Leaving the pictures aside, transcribe every line below exactly.

**Information supplied:**
----------------

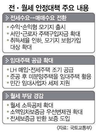 [서울신문]28일 발표된 전·월세시장 안정대책은 전세 수요의 매매 수요 전환, 임대주택 공급 확대, 월세 세입자 지원 확대로 요약된다. 공급 확대 정책 일변도에서 수요자 중심의 금융·세제 지원을 담은 게 특징이다.
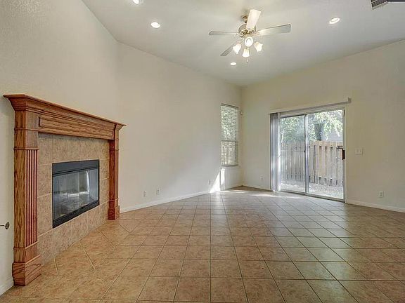 Two-car garageCarpet and tile flooringSmall yardSliding doors
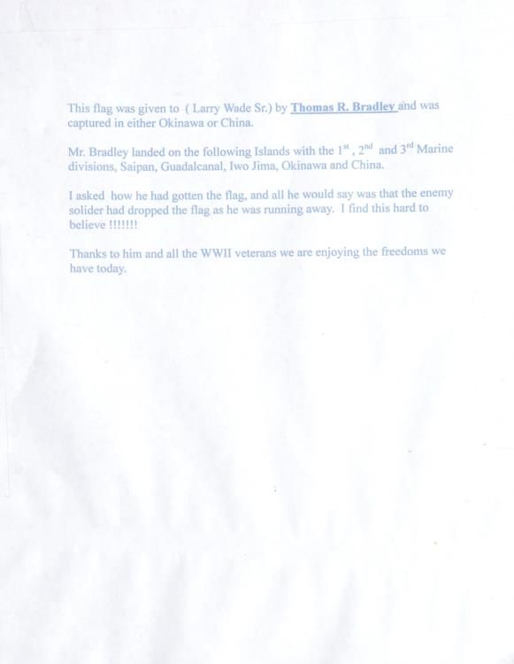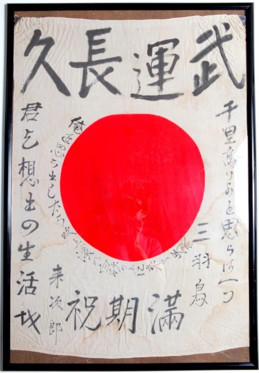 Genuine Japanese WWII Flag Capture Okinawa FramedIncludes write-up that translates the writing on the flag, as well as a written provenance from Larry Wade Sr. (See attached photos).The flag measures 26" x 28" and the frame measures 28" x 41".
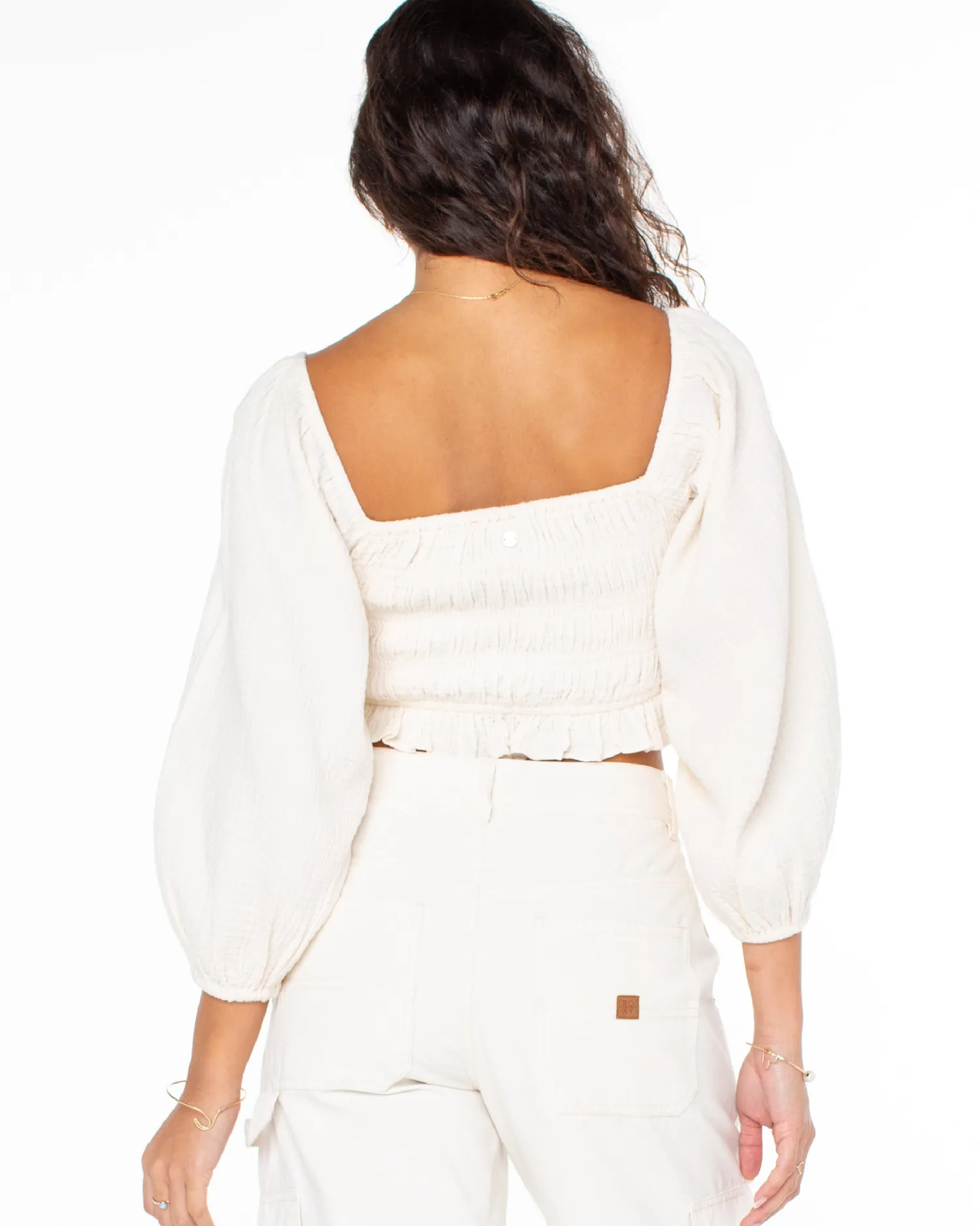 Effortlessly stylish, this woven cotton top boasts a lightweight double gauze texture. With long sleeves and breathable fabric, it’s a warm-weather staple to stay cool and chic.

----------------

**Solution to this problem:**
 [서울신문]28일 발표된 전·월세시장 안정대책은 전세 수요의 매매 수요 전환, 임대주택 공급 확대, 월세 세입자 지원 확대로 요약된다. 공급 확대 정책 일변도에서 수요자 중심의 금융·세제 지원을 담은 게 특징이다.
 Two-car garageCarpet and tile flooringSmall yardSliding doors
 Genuine Japanese WWII Flag Capture Okinawa FramedIncludes write-up that translates the writing on the flag, as well as a written provenance from Larry Wade Sr. (See attached photos).The flag measures 26" x 28" and the frame measures 28" x 41".
 Effortlessly stylish, this woven cotton top boasts a lightweight double gauze texture. With long sleeves and breathable fabric, it’s a warm-weather staple to stay cool and chic.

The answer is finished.